The fourth building’s door was locked. The fifth building’s door was locked. Somebody took a shot at us, and a television antenna near us said ping. I looked back, and here came half a dozen of them, all piling out onto the roof back there where we’d started.

“Oh, God damn it,” I said, and went on running. There were more bangs from behind us, more pings all around us. I initiated a dodging sort of run, back and forth, angling this way and that.

The sixth building’s door was locked.

“Hell!” I said. “If only we had that blasted gun of yours! It would get us through a door anyway.”

“Don’t talk,” Abbie advised me, gasping. “Run.”

I ran. Without my holding her wrist, Abbie ran alongside me. I don’t know about her, but I didn’t feel the cold at all.

Seventh building. I slammed into the door, it fell open, I fell downstairs.

27

Abbie was shaking my shoulder and saying, “Chet?”

“Boy,” I said. I struggled to sit up. “Wow,” I said.

“Are you all right?”

“I think my chassis’s out of alignment.” With the help of Abbie and a handy wall I dragged myself to my feet.

“You ought to be more careful,” she said. “You scared me half to death.”

“Thoughtless of me,” I said. I moved all my limbs and turned my head back and forth. Everything seemed to work all right.

“Can you run?” she asked me.

“Yes,” I said, and staggered up the stairs.

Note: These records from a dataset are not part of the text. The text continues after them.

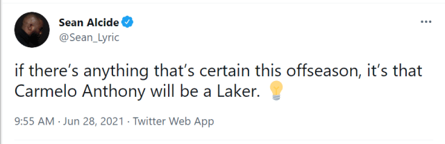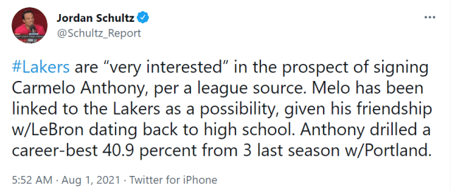 360直播吧讯北京时间8月1日,据NBA记者乔丹-斯库兹报道,联盟消息源透露,湖人非常有兴趣签下安东尼。斯库兹表示,甜瓜和詹姆斯的友谊可以追溯到高中时期,而上赛季他在开拓者投出了生涯最佳的三分命中率40.9%。这正是湖人目前最需要的技能。
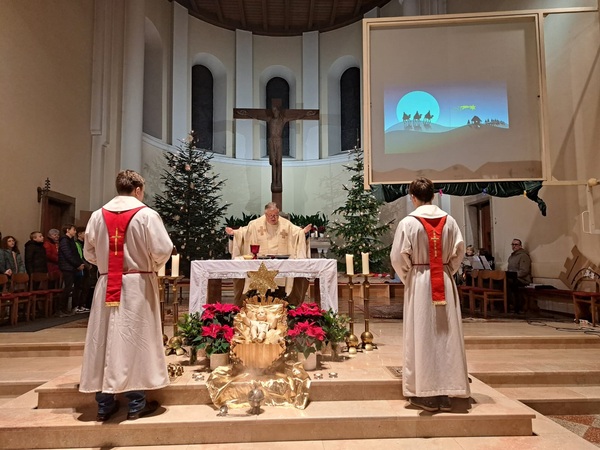Herzliche Einladung zu den Gottesdiensten am Heiligen Abend - mit allen Zeiten Wortgottesfeier für Familien mit Kleinkindern (14.30 Uhr); Kindermette mit Kinderchor (16 Uhr); Christmette (22 Uhr)
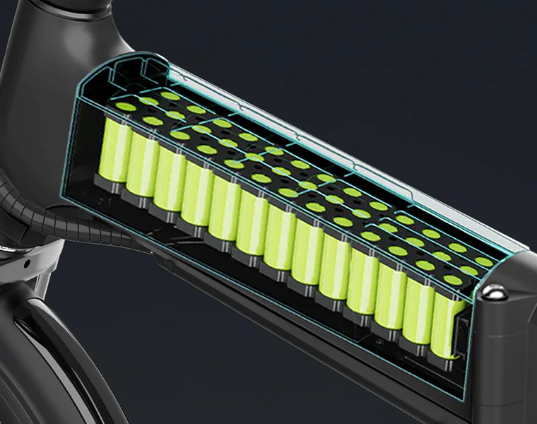 Unser clever konzipierter, versteckter Akku ist sicher im Rahmen integriert und bietet zusätzliche Sicherheit. Nach dem Zusammenklappen des Fahrrads lässt er sich zur sicheren Aufbewahrung und zum Schutz vor Diebstahl einfach herausnehmen.
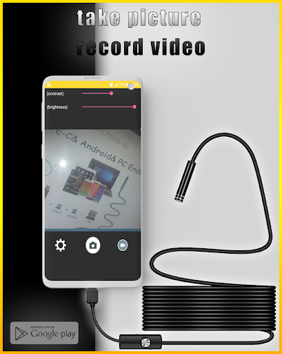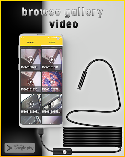 the endoscope app for android - endoscope camera open your external Borescope by USB otg and read it the endoscope app need to use micro just to record video with sounds and need to use the gallery to write and read it pictures and videos
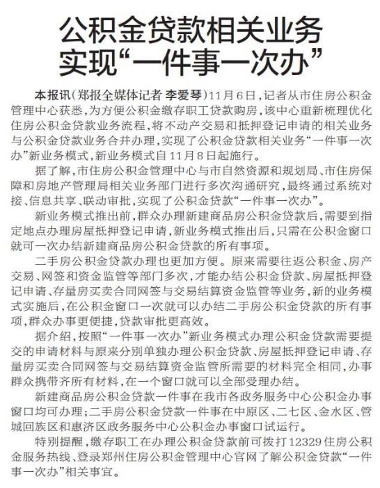 11月6日,记者从市住房公积金管理中心获悉,为方便公积金缴存职工贷款购房,该中心重新梳理优化住房公积金贷款业务流程,将不动产交易和抵押登记申请的相关业务与公积金贷款业务合并办理,实现了公积金贷款相关业务“一件事一次办”新业务模式,新业务模式自11月8日起施行。(今日《郑州日报》5版)

“Not that way!” she shouted. “That’s the way we came from!”

“I know it. Buzz for the elevator.”

I tottered to the top of the stairs and slammed the door. There was a bolt, which I threw home, and then I blundered back down again, this time managing to stay on my feet.

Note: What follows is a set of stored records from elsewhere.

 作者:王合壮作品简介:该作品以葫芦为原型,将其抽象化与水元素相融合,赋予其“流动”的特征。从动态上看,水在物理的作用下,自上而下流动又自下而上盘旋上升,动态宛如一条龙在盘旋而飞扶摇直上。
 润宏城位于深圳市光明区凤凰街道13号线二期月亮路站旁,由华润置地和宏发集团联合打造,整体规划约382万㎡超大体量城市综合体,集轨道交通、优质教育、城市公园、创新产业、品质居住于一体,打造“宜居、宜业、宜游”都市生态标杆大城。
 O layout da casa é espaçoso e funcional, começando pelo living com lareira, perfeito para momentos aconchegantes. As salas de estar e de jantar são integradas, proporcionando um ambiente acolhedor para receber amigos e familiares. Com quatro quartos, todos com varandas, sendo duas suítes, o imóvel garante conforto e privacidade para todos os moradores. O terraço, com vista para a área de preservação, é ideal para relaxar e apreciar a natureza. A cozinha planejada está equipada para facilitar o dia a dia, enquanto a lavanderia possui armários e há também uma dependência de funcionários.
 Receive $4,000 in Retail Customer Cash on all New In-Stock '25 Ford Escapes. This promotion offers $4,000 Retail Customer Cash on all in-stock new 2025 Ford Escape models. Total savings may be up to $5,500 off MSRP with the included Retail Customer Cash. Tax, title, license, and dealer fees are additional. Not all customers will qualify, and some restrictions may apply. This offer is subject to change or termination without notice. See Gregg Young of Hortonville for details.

The elevator wasn’t there yet. “It was on one,” Abbie said. She squinted at the little dial by the call button. “Just passing four.”

Somebody thudded on the door up there.

“I wonder if they’ll shoot the lock off,” I said, looking up, and a gun went bang and the door went ngngngngngn but didn’t open.

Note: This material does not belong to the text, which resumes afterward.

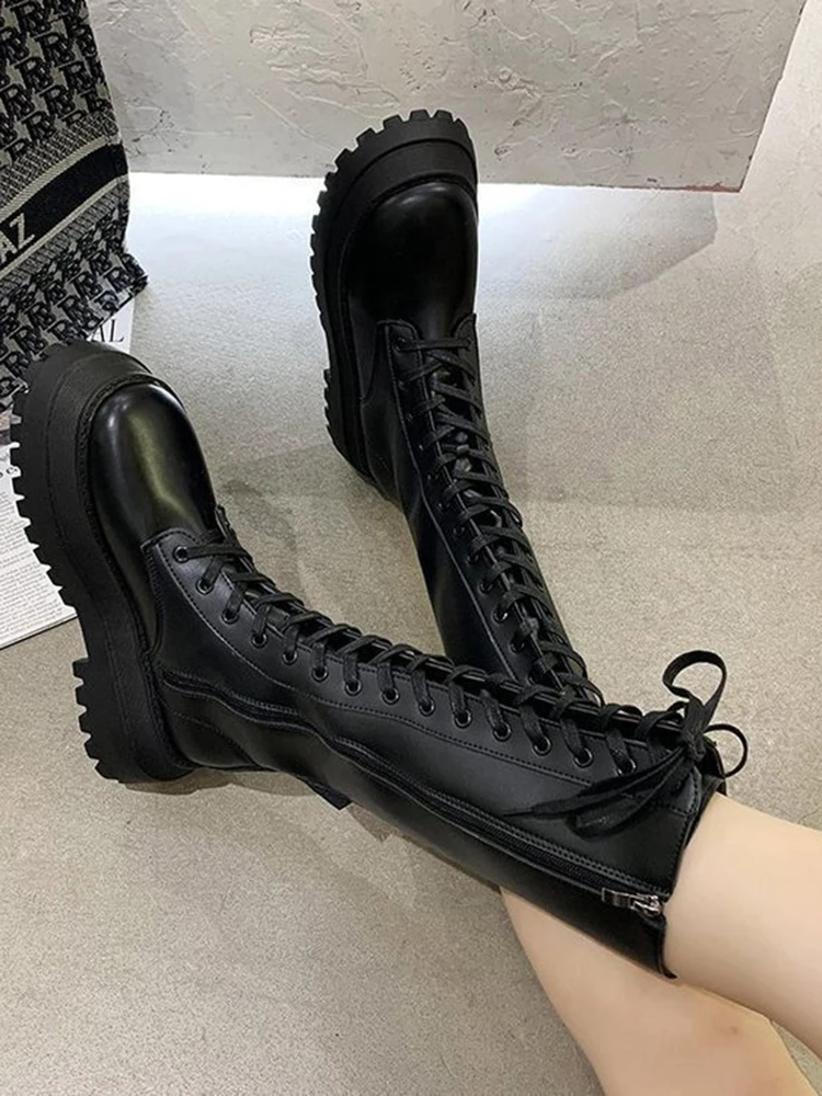 Женские сапоги до колена на массивной платформе, из искусственной кожи, на шнуровке
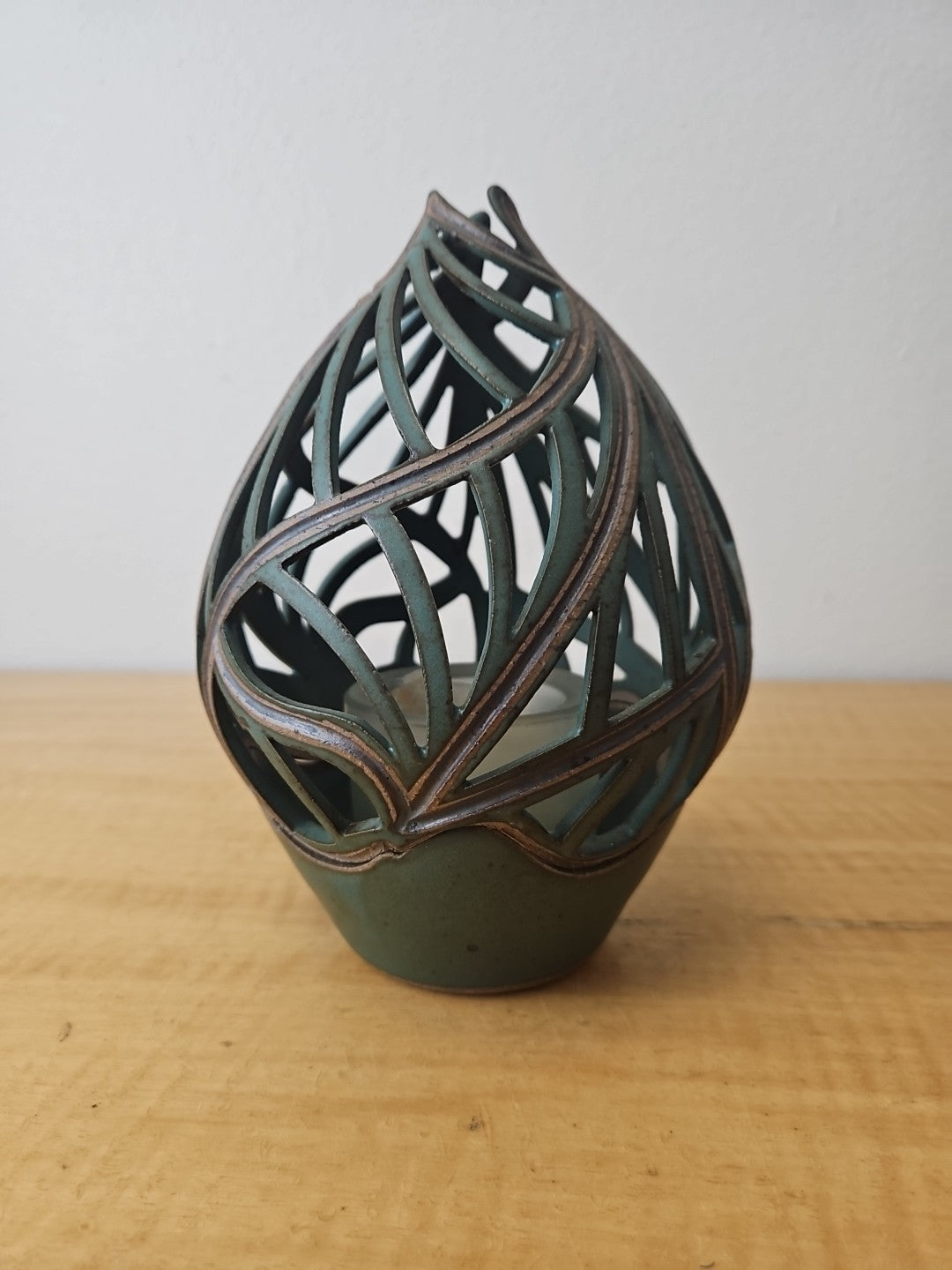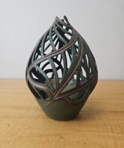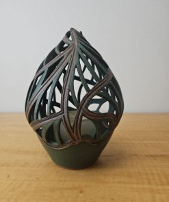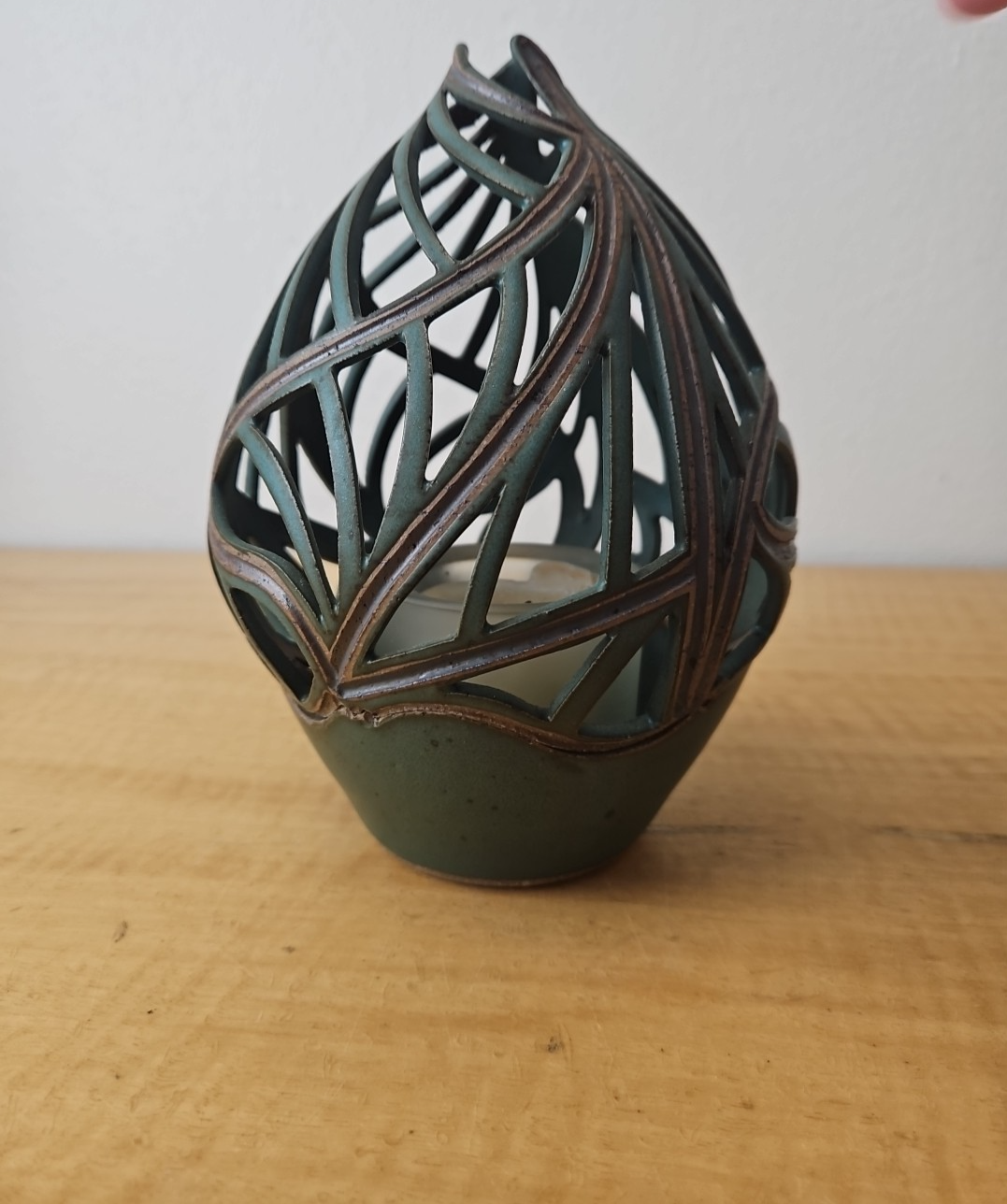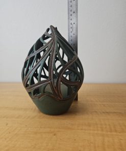 Pixton Signed Studio Art Pottery Carved Lantern Candle Holder 7″

The elevator oozed into view. We jumped in, I pushed the first-floor button, and the roof door took another bullet. We began to drift leisurely down the elevator shaft.

I said, “Where’s your car?”

“In a lot on 48th Street. But I don’t have the ticket. I don’t have my purse. I don’t have anything.”

I patted my behind. Yes, I had my wallet. I was wearing my own clothes, the only problem being that I wasn’t wearing enough of them. I said, “We’ll just have to hope they remember you.”

“It was a huge lot,” she said, “with a hundred guys working there. They won’t remember me, and I don’t have any identification.”

The elevator inched past three. I said, “We have to have a car. We can’t run around the streets. If they don’t get us, the cold will.”

“I know,” she said. “Do you suppose they all ran out? Maybe we could sneak back into the apartment and get our things.”

“Abbie,” I said, “you aren’t thinking.”

“I guess that was kind of fantasizing, wasn’t it?” she said.

The second floor went by, lingeringly.

I stared at the elevator door. “We’ve got to have a car,” I said. I knew it was up to me. Time to start being the resourceful hero.

The elevator door opened. First floor, everybody out.

Abbie said, “What are we going to do, Chet?”

She was counting on me. I looked at her and said, “We’re going to run. Think later.”

“Listen!”

I heard it. Feet pounding down the stairwell. I grabbed Abbie’s hand and we ran.

Standing in the elevator we’d had a chance to cool off a bit, and when we hit the outside air with our clothing damp from perspiration we both staggered at the impact of the cold. “Oh, boy!” I shouted.

“H-h-h-h-h,” Abbie said.

I looked down to the right, just as three guys on the sidewalk in front of Tommy’s building saw us and started frantically pointing us out to each other. Any minute now they were going to stop pointing and start running. I turned and ran the other way, Abbie’s hand still clutched in mine, Abbie herself trailing along somewhere in my wake like a water skier.